A wide class of inflationary models, known as Hybrid Inflation models, may produce topological defects during a phase transition at the end of the inflationary epoch. We point out that, if the energy scale of these defects is close to that of Grand Unification, then their effect on cosmic structure formation and the generation of microwave background anisotropies cannot be ignored. Therefore, it is possible for structure to be seeded by a combination of the adiabatic perturbations produced during inflation and active isocurvature perturbations produced by defects. Since the two mechanisms are uncorrelated the power spectra can be computed by a weighted average of the individual contributions. We investigate the possible observational consequences of this with reference to general Hybrid Inflation models and also a specific model based on Supergravity. These mixed perturbation scenarios have some novel observational consequences and these are discussed qualitatively.

Figures (14)

• Figure 1: The effective spectral index as function of the comoving scale during inflation for $\kappa=0.08$ (solid line), $\kappa=0.1$ (dotted line), $\kappa=0.12$ (short dash line), $\kappa=0.13$ (long dash line) $\kappa=0.14$ (dot-short dash line) and $\kappa=0.15$ (dot-long dash line).
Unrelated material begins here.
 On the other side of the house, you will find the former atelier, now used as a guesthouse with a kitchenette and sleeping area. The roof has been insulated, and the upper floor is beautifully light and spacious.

• Figure 2: On the left the angular power spectrum of CMB anisotropies and on the right the power spectrum of fluctuations in the CDM for the Linde-Riotto model without a string induced component, using the standard cosmological parameters and $\kappa=0.08$ (solid line), $\kappa=0.1$ (dotted line), $\kappa=0.12$ (short dash line), $\kappa=0.13$ (long dash line), $\kappa=0.14$ (dot-short dash line) and $\kappa=0.15$ (dot-long dash line). In both cases the current observational data points are also included to guide the eye. Notice that the CMB anisotropies for $\kappa=0.15$ are wildly at odds with the observations at all scales and that even the models with smaller values of $\kappa$ are clearly at odds with the amplitude and shape of the observed matter power spectrum.
• Figure 3: On the left the angular power spectrum of CMB anisotropies and on the right the power spectrum of fluctuations in the CDM for the standard scaling source (solid line) and the standard string model (dotted line). In both cases the standard cosmological parameters have been used. The current observational data points and the equivalent spectra for the standard CDM scenario (short dash line) are also included to guide the eye.
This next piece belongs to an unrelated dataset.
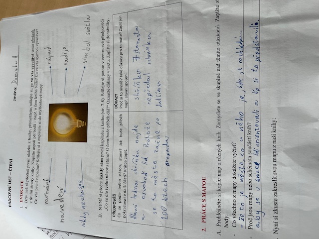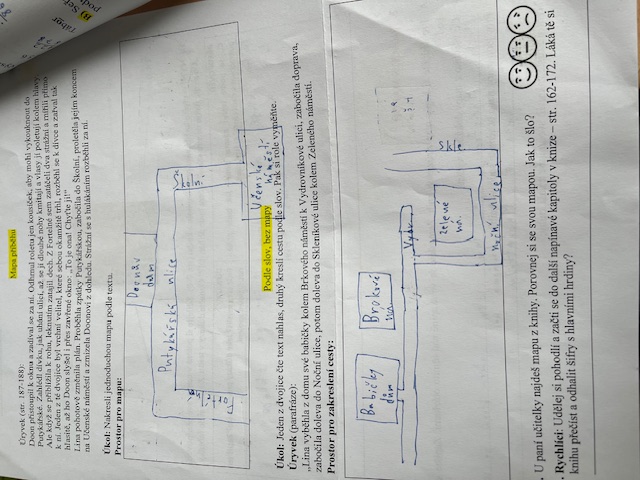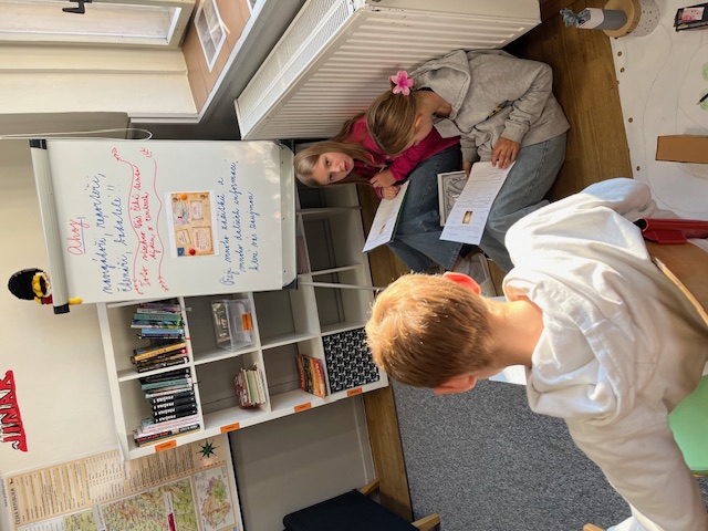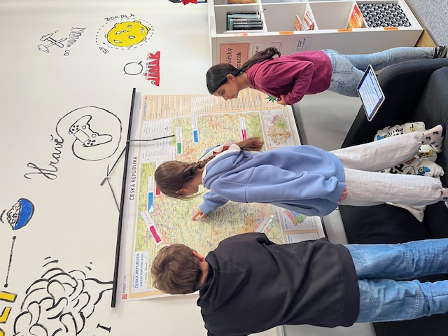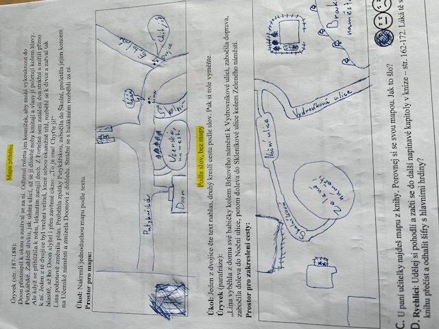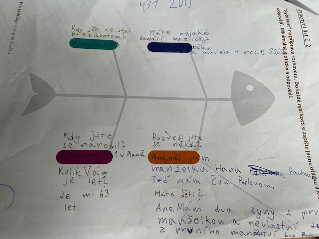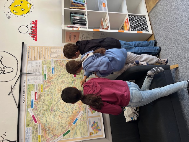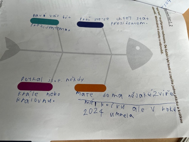 Český jazyk měl dvě centra. V jednom centru je mapa zavedla až na Pražský hrad. Děti měly za úkol si zjistit základní informace o našem prezidentovi, zapsat do myšlenkové mapy. Představit si, že pan prezident přijede k nám do školy a předvést s ním rozhovor. Také velice náročný úkol, s kterým se velice statečně děti popraly

• Figure 4: On the left the angular power spectrum of CMB anisotropies and on the right the power spectrum of fluctuations in the CDM for the standard CDM scenario mixed with standard scaling source using a ratio of $\alpha=1.0$ (solid line), $\alpha=0.75$ (short dash line), $\alpha=0.5$ (long dash line), $\alpha=0.25$ (short dash-dotted line) and $\alpha=0.0$ (dotted line).
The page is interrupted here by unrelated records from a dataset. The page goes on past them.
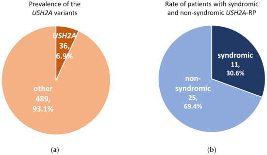 Prevalence of pathogenic variants in USH2A and rate of syndromic and non-syndromic USH2A-retinisis pigmentosa (RP) patients. (a) Pathogenic USH2A variants were detected in 36 of 525 RP cases. (b) There were 11 syndromic and 25 non-syndromic USH2A-RP patients in this study.
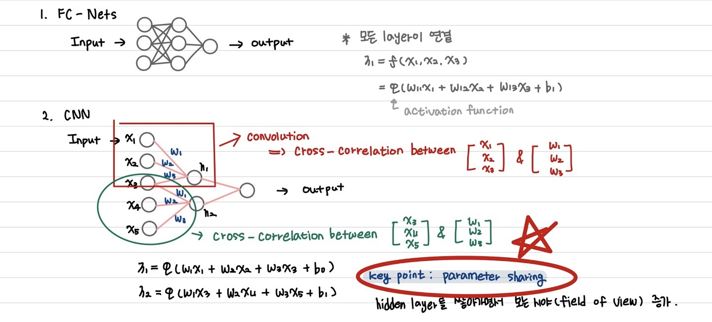 CNN은 이미지를 작은 구역으로 나누어 지역적인 정보를 계속 취합하는 식으로 작동한다. CNN은 크게 Feature Learning 단계와 Classification 단계로 나눌 수 있다. Feature Learning 단계에서는 convolution 연산과 pooling 연산을 반복적으로 수행한다. convolution은 각각의 구역으로부터 정보를 추출하고 pooling 연산은 추출된 정보 중 태스크 수행(이미지 분류 등)에 중요한 정보만을 남기는 작업을 한다. Classification 단계에서는 주로 Fully Connected(MLP)을 사용하는데 이미지 task에서 MLP를 이용한 방법론은 모든 node와 layer가 이어져 있기 때문에 parameter의 수가 기하급수적으로 증가한다. 또한, image에서 pixel이 조금이라도 틀어지면 기존의 parameter가 변질되기 때문에 성능이 안 좋아진다는 단점이 있다. 결론적으로 image에서 important feature를 추출하는 게 중요하다.
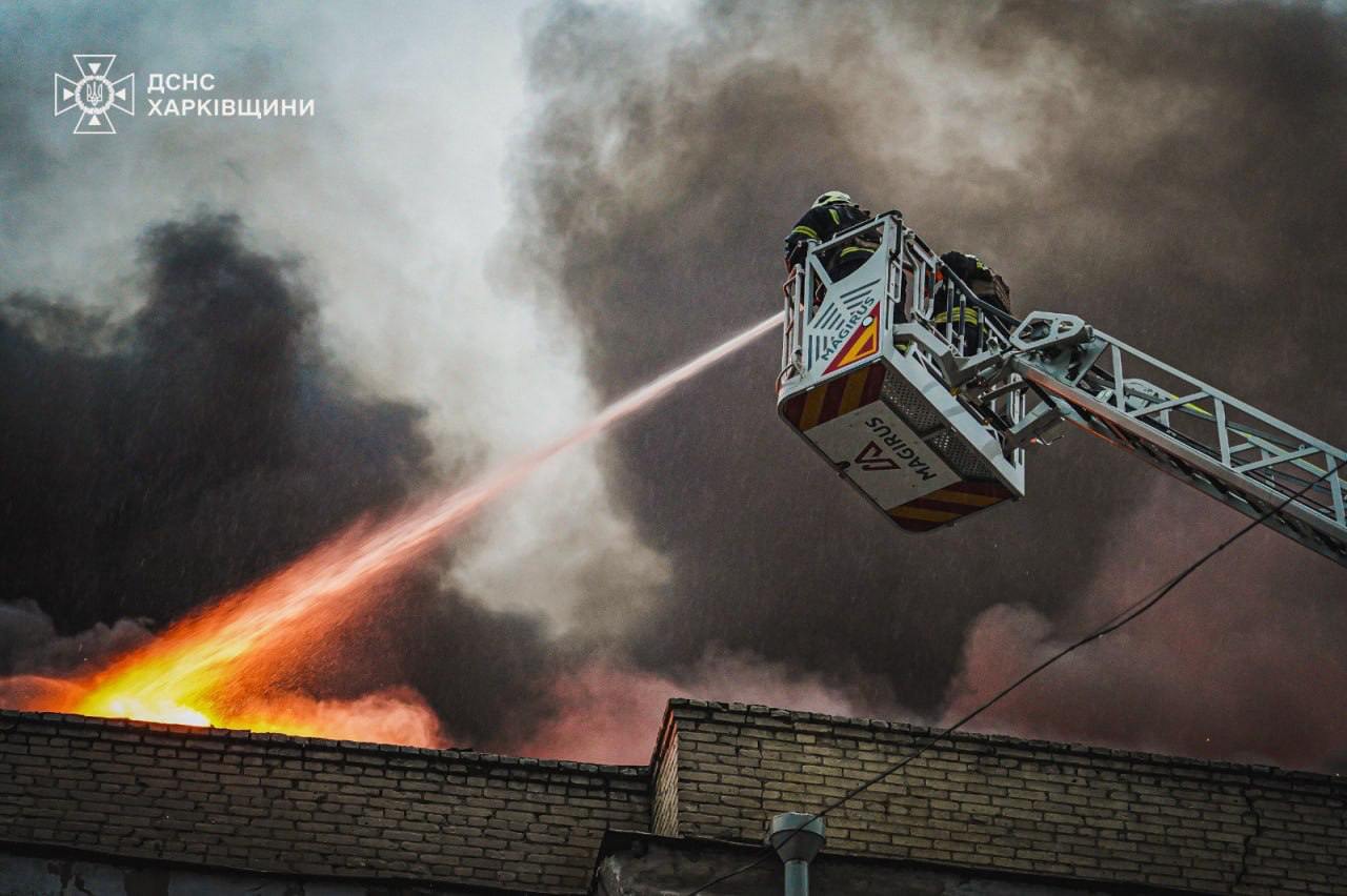 9.18 Утренние кадры последствий атаки дрона по предприятию и складу в Харькове.

• Figure 5: On the left the angular power spectrum of CMB anisotropies and on the right the power spectrum of fluctuations in the CDM for the standard CDM scenario mixed with standard string source using a ratio of $\alpha=1.0$ (solid line), $\alpha=0.75$ (short dash line), $\alpha=0.5$ (long dash line), $\alpha=0.25$ (short dash-dotted line) and $\alpha=0.0$ (dotted line).